An object of great beauty imo.

http://ec1.images-amazon.com/images/I/31ZND0ZJ37L._AA280_.jpg

dutch pear
09-13-2007, 11:54 AM
Man has this thread made me hungry!
I'll go home and cook something real nice now :)

Fellowship
09-13-2007, 12:03 PM
I'm sold.

Do these chip?

You know the best part of cast iron is how it retains heat when you have it heated up and put something in it that is cooler it does not cool down the pan. For example when you want to sear a piece of chicken or beef etc. In aluminum cookware while aluminum is a good conductor of heat it is poor poor poor at retaining heat when you put something cooler in it it looses oohmph to retain the originial temp of the preheated pan (it can actually cool down). With cast iron you get the pot up to temp and put something cooler in it you have virtually no "cool down" or heat loss in the pot as cast iron retains heat very very well and you continue with your successful cooking.

The other great part is that after you have cooked a meal in a cast iron pot the pot keeps the meal warm after you have cooked the meal. Again it is that retained heat feature which serves as yet another benefit. No heating source needed to keep the food warm in case you decide to go back for seconds or something like that.

Fellows

Ohh and the (other) best part of this pot is that it cooks tougher cuts of beef so you are enabled to buy cheaper tougher cuts of beef for example and the way the heat cooks with cast iron it breaks down the collagen just right and the meat comes out just perfect.

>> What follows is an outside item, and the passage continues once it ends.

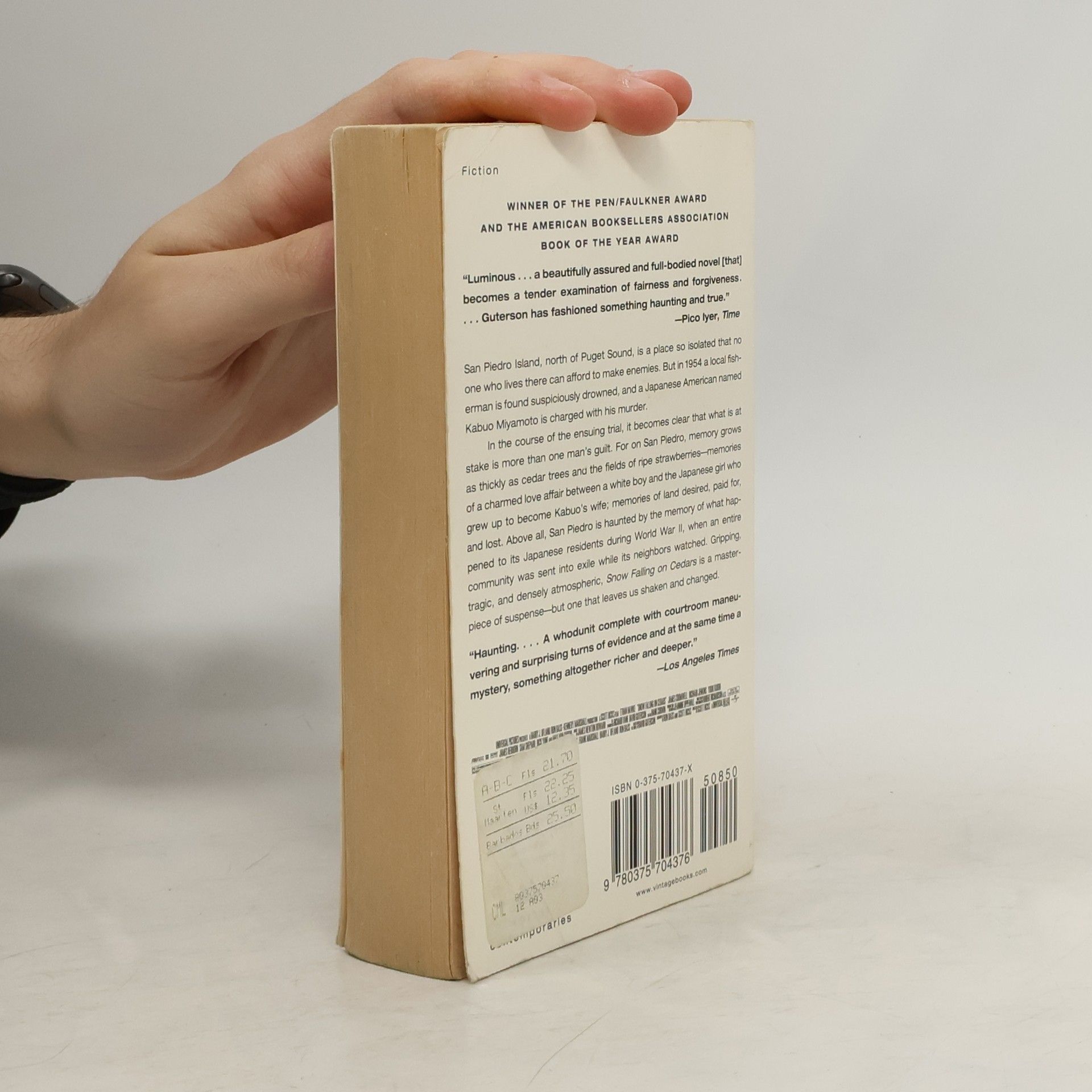 NATIONAL BESTSELLER • PEN/Faulkner Award Winner • A gripping, tragic, and densely atmospheric masterpiece of courtroom suspense—one that leaves us shaken and changed. "Haunting .... A whodunit complete with courtroom maneuvering and surprising turns of evidence and at the same time a mystery, something altogether richer and deeper." —Los Angeles Times San Piedro Island, north of Puget Sound, is a place so isolated that no one who lives there can afford to make enemies. But in 1954 a local fisherman is found suspiciously drowned, and a Japanese American named Kabuo Miyamoto is charged with his murder. In the course of the ensuing trial, it becomes clear that what is at stake is more than a man's guilt. For on San Pedro, memory grows as thickly as cedar trees and the fields of ripe strawberries—memories of a charmed love affair between a white boy and the Japanese girl who grew up to become Kabuo's wife; memories of land desired, paid for, and lost. Above all, San Piedro is haunted by the memory of what happened to its Japanese residents during World War II, when an entire community was sent into exile while its neighbors watched.

NOT tough. It is the nature of the steady consistent radiant heat. Even the lid retains and radiates heat.

Fellowship
09-13-2007, 12:10 PM
I'm joining the ranks of the gratuitous money-wasting snobs. Inspired by Fellows, I absolutely have to have the Creuset Tajine (http://www.amazon.co.uk/Le-Creuset-L7473-00-67-Tagine-Cerise/dp/B00004SBKK/ref=pd_bbs_2/203-9344692-9905538?ie=UTF8&s=kitchen&qid=1189686411&sr=8-2).

An object of great beauty imo.

http://ec1.images-amazon.com/images/I/31ZND0ZJ37L._AA280_.jpg

How could you...... I just can't believe you would make a purchase like that..... Just go eat at your local McDonalds ;)

You know I don't mean that!

Fellows

segovius
09-13-2007, 12:48 PM
How could you...... I just can't believe you would make a purchase like that..... Just go eat at your local McDonalds ;)

You know I don't mean that!

Fellows

Thank God....we don't mention the M word in my house ;) :D

Fellowship
09-13-2007, 12:52 PM
Did I mention PICTURES?

http://homepage.mac.com/fellowship/.Pictures/Photo%20Album%20Pictures/2007-09-13%2009.44.36%20-0700/Image-BA770520621611DC.jpg

Come on in and click on the slide show:

http://homepage.mac.com/fellowship/PhotoAlbum71.html

Fellows

Forgive me as I completely forgot to snap some pics of the final dishes I made here. All the dishes I made got eaten up. I will in future as the final results are just yummy.... These pics are some I took while putting some dishes together. Note I also use my pot in the oven not just the cooktop.

Fellows

And seg I am going to get some spanish paprika don't you worry!